The lock isn't even hard, but the moment I open the chest, a scream almost escapes my lungs. I was expecting gold coins, maybe gems or ingots. Even just jewels and crowns.
The chest is… full of rocks.
...
Panic pervades me, but it's so horrendously clear, even trying to dig under the first ones. There are only rocks in the chest, not a gram of gold, or anything even remotely valuable.
How did this happen? The chests have been under watch since the attack. But why send a caravan escorting rocks?
I feel the cave, no, the world crumbling around me. All of this, all of the deaths, were for this? How is this possible? Should I give the alarm?
Wait, the orders were not to open them, I can't out myself. They will have to discover it by themselves.
Carefully, I close the chest back.
Stumbling, I walk back to my guarding post. I can't focus, I still can't believe what I just saw. I try to calm myself, everyone is still sleeping.
Maybe tomorrow the rocks will turn back into gold, maybe it's only a bad dream.
"Moon's too bright"
A voice behind me. Taking my shortsword out, I turn, facing Marrowsh.
I immediately freeze, waiting for him to attack, but he just sits at the root of a tree besides me.
"it's not dark enough, if you didn't do your job properly, with a good tracker they may follow us" His tone is calm, different to what I'm used to.
"I swear there are no tracks to follow, I made sure of it" I say, trying to sound as confident as possible.
"Let's hope so. By the way, I could have absolutely killed you just now, if this is an indication of your efficiency, I am disappointed" He adds, and I know he is absolutely serious. My sight lowers to the ground.
"I'm… sorry" I say, sounding ashamed, but with every seconds becoming more sure he didn't saw me opening the chests and feeling more relieved.
He takes a deep breath. "I'm sorry too. I know I am harsh, but in front of the warriors this is the way it has to be."
"I understand" Actually, I don't. This is all his anger an act just to keep the warriors in line?
"I know your secret, Newblood"
Again, I freeze. So he did saw me opening the chest? Or is he talking about…?

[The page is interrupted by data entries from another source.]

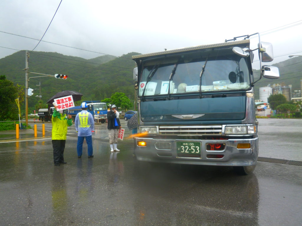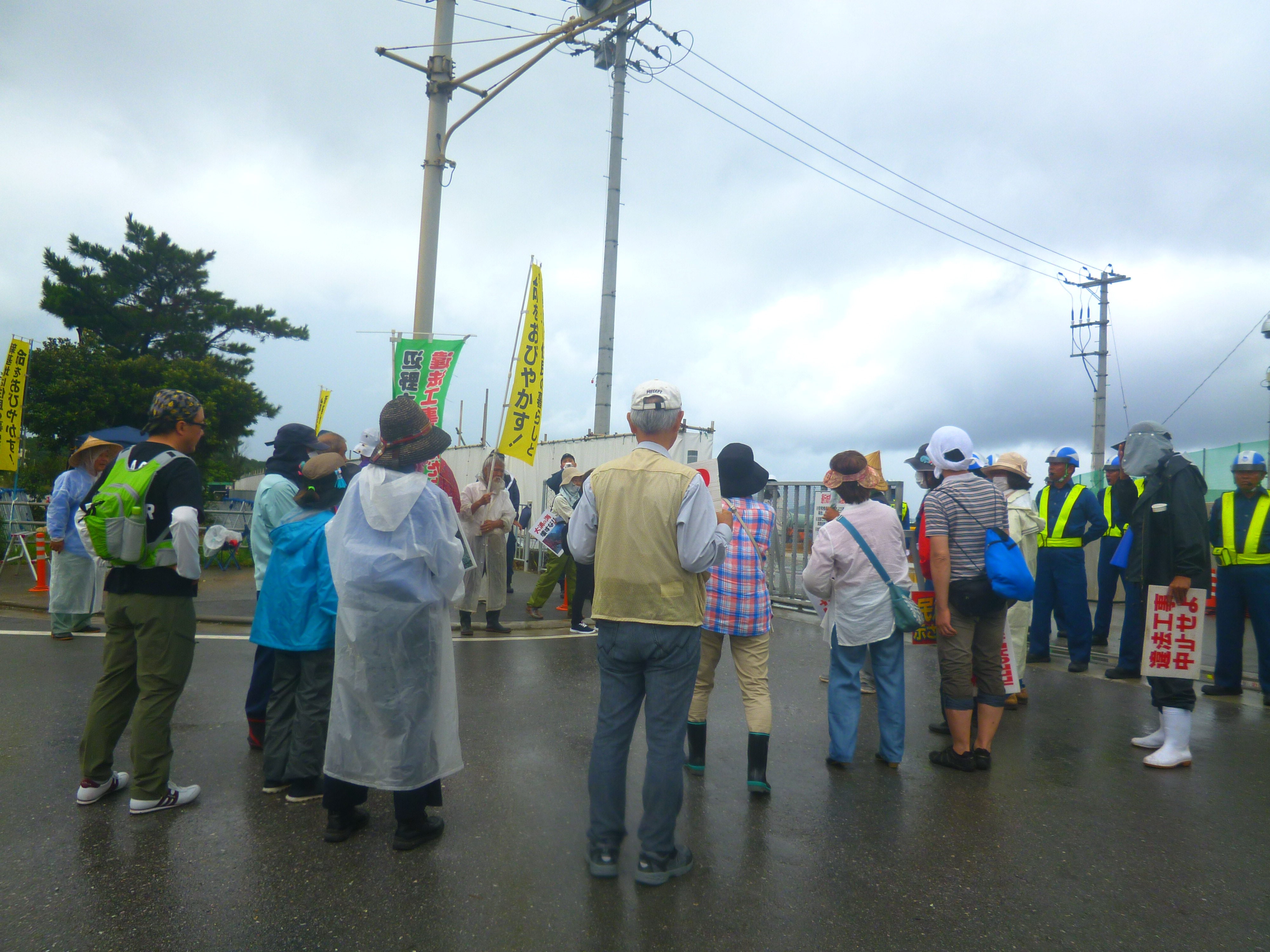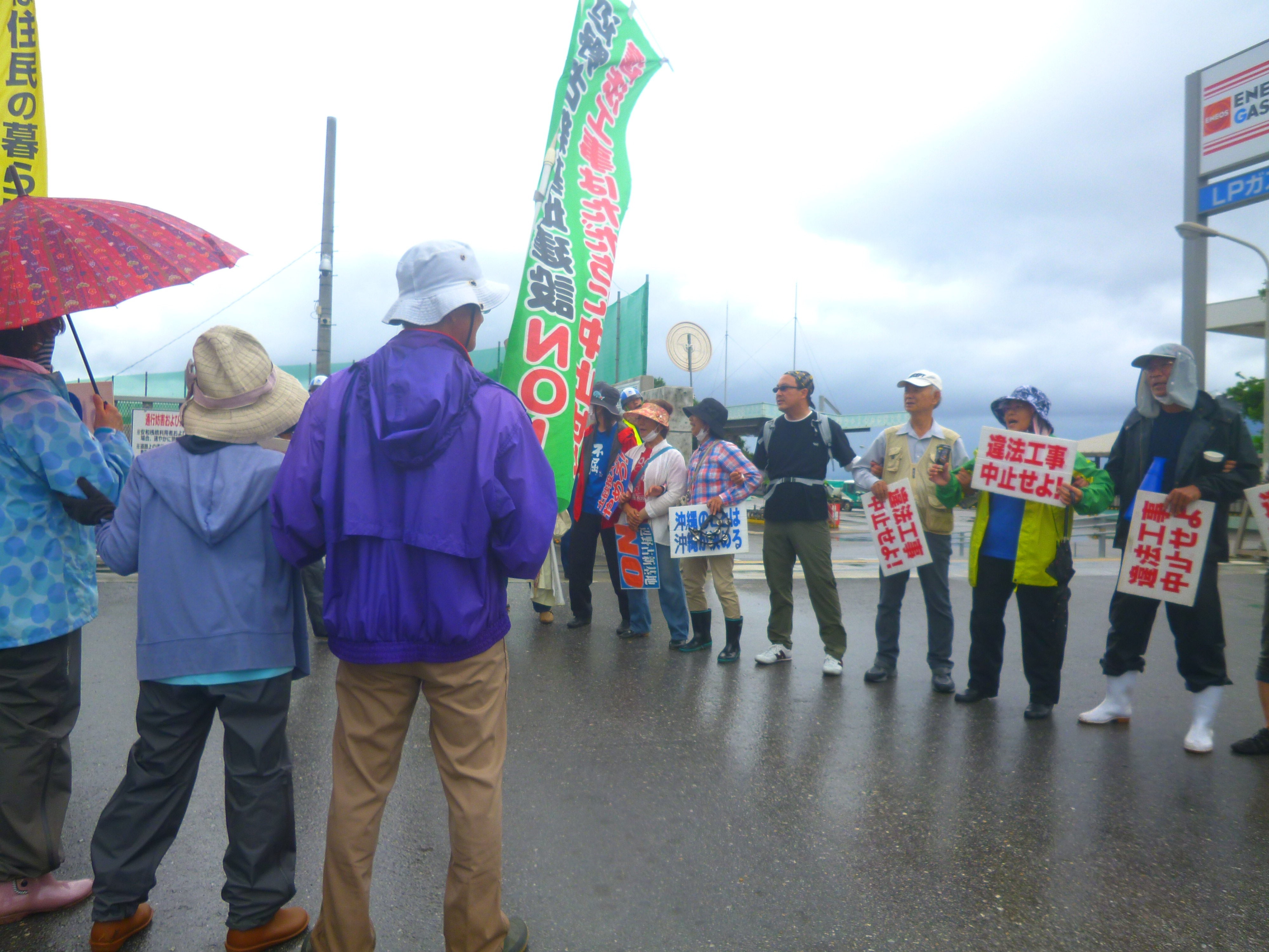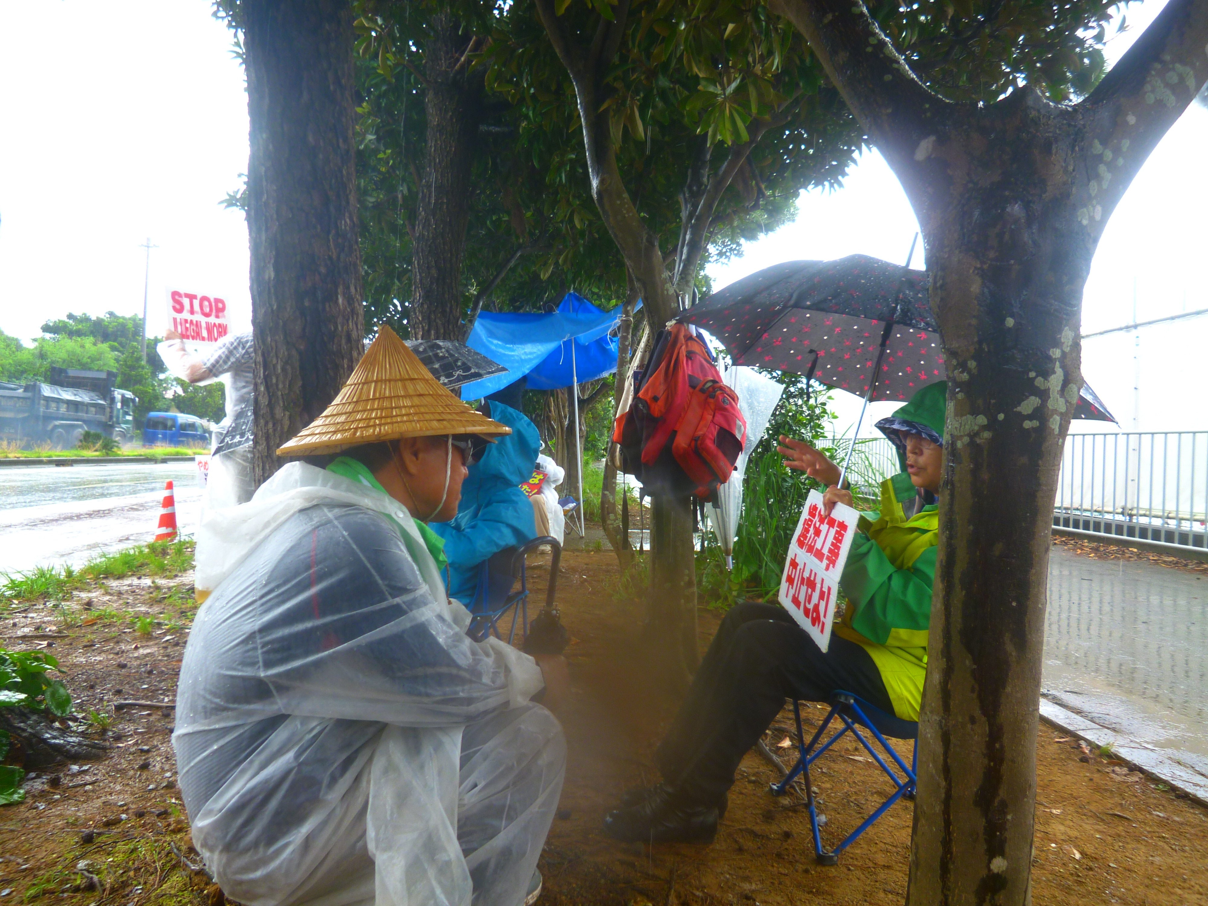 昼食の途中から傘をさしても防げないほどの土砂降りと激しいカミナリに見舞われる。「本島北部に大雨・雷警報が出た。危険なので作業を中止する。抗議行動もやめるように」と県警から要請が入る。ずぶぬれになりながら片付けを済ませ、13:30安和を離れた。
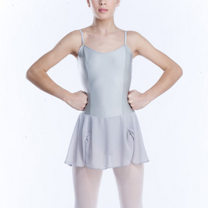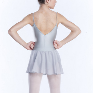Body bretellina con fianchetti e gonnellino a ruota in georgette inserito e arricciato sul davanti, per danza classica e moderna, disponibile in diversi colori, fodera a richiesta.
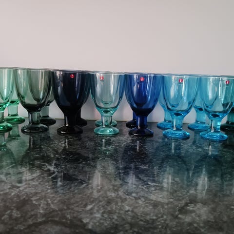Koboltinsiniset viinilasit 9 kpl, Iittala Verna.
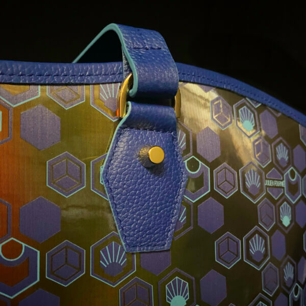 Plongez dans l’allure inédite de ce tote bag d’exception, où la toile enduite bleu profond aux reflets or dialogue avec le cuir grainé azur.
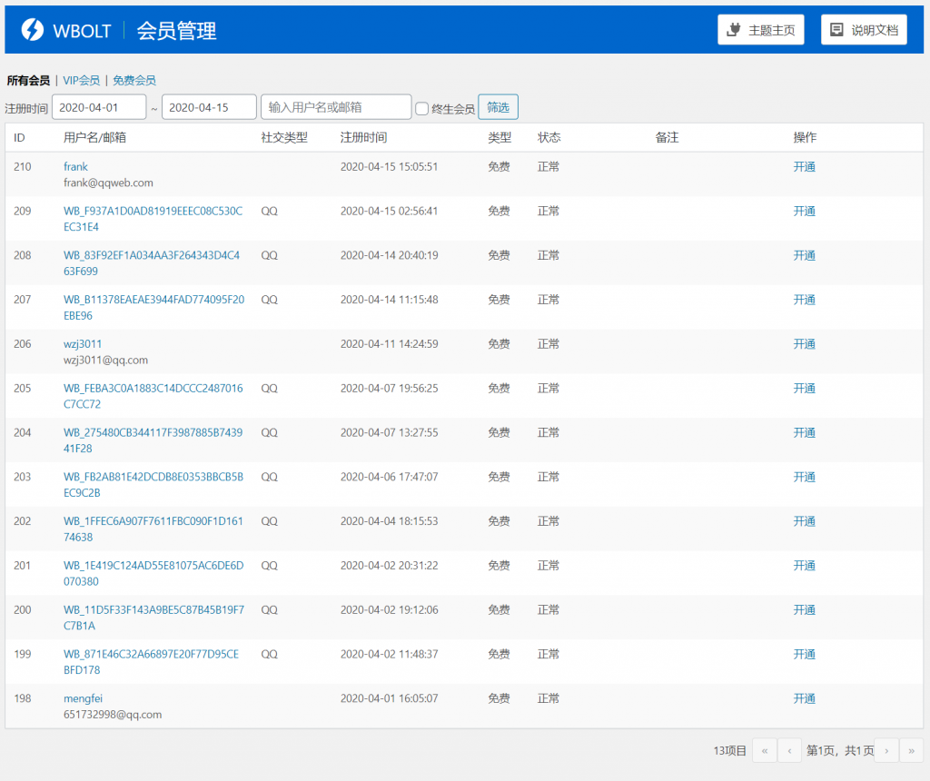 Triple主题采用了闪电博自主开发的会员系统。其中:
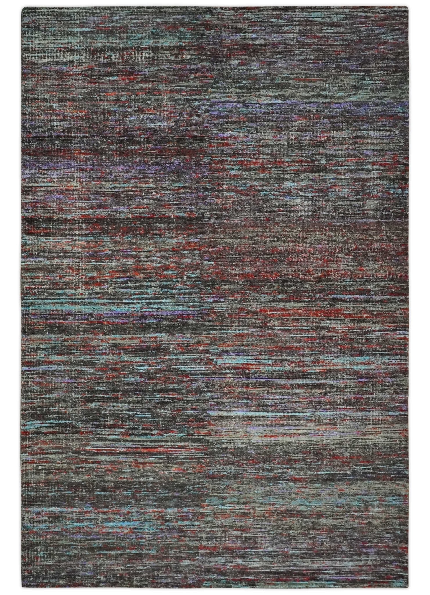 Modern Abstract Vibrant Colorful Maroon, Violet, Blue and Charcoal Hand knotted Flat Woven 8x11.6 wool Area Rug
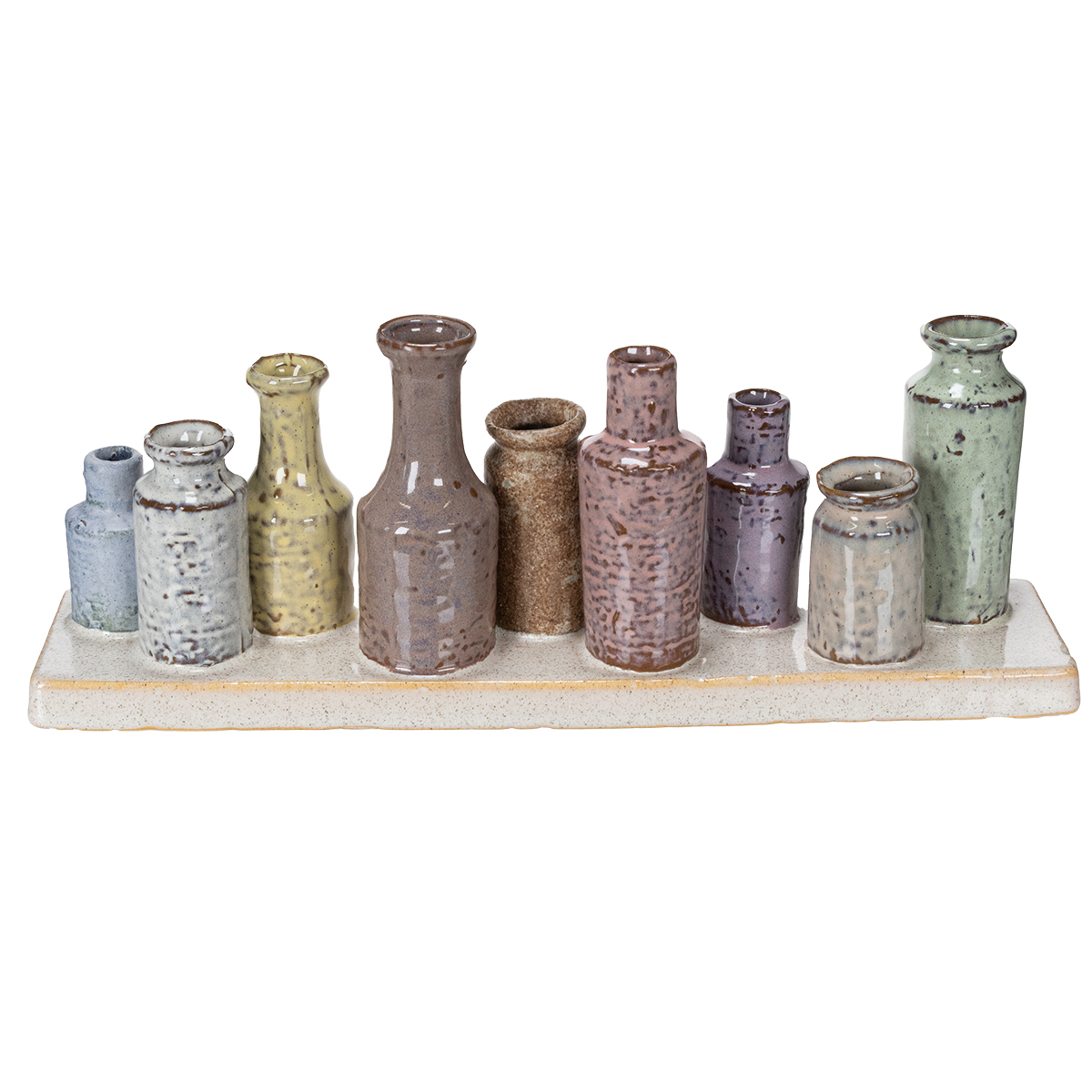 - 9 malých, ručne vyrobených keramických váz v zladených farbách
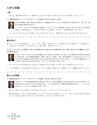 生徒が一致団結し,義にかなった生活をし,助けを必要としている人々への思いやりをもつ方法をよりよく理解できるように,少人数のグループで,以下の配付資料を学ぶよう生徒に伝えるとよいでしょう。生徒たちは活動の間,互いに助け合い,支え合うよう努めることができるでしょう。配付資料を使う方法を二つ紹介します。
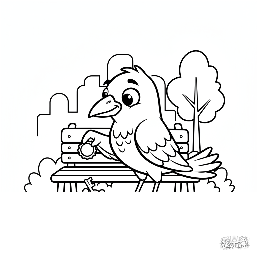 Página para colorir infantil: um corvo esperto colecionando bugigangas brilhantes em um parque da cidade. Estilo de recorte de papel.
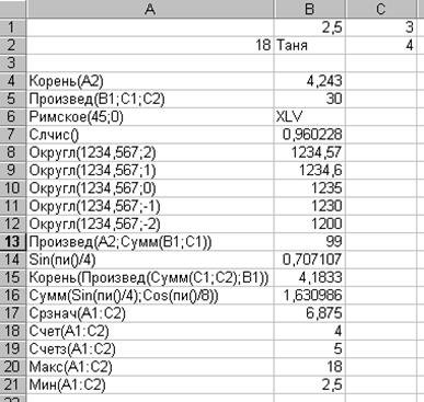 Тема: «Изучение типовых функций табличного процессора» Цель занятия: приобрести практические навыки использования математических, статистических и логических функций. Отрабатываемые вопросы: 1. Математические и статистические функции. 2. Логические функции. Организационно-методические указания. 1.Научиться пользоваться математическими и статистическими функциями. 1.1.Создайте таблицу, приведенную на рис.1. 1.2.Ввести в столбец «B» функции, указанные в столбце «А» и сравнить полученные результаты с данными, приведенными в столбце «В» на рис.1. 1.3.Проанализировать результаты и сохранить созданную таблицу в книге.

"Don't worry I will keep it to myself. Where you come from is your business. I remember when we found you, not too long ago. You never told anybody what was your tribe, but I knew then, as I know now. Your eyes, I recognize them."
"You do? How?" My mind is running. Does this mean there are other like me? From other worlds? Reincarnated here in another race?
"Yes, the eyes of who has known death intimately. A few days before we found you, there was an attack of the human lumbering company to a tribe on the east. All the goblins were killed. You came from there right? You survived."
I feel so stupid. What was I even expecting?
"I saw how you froze during the fight. it's already something that you managed to stay still and not flee. I know it's hard the first times in battle, but you get used to it. You have to, because otherwise you die." He's talking with a low, calm tone that I never heard come from him. I figure it's better to not interrupt his monologue.
"You got lucky once, but this is a number's game, and luck does not factor in the long run. You gotta put the work in, if want to come out alive."
"Don't get me wrong Newblood, I know you are not a fighter. Not everyone has what it takes to be one. But let me tell you something. I do not think that "having what it takes" is something to be proud of. Being able to kill without remorse means you are a monster. Being able to kill, and not let the remorse stop you, means to be a warrior. But the world needs those whose heart is still pure of this choice"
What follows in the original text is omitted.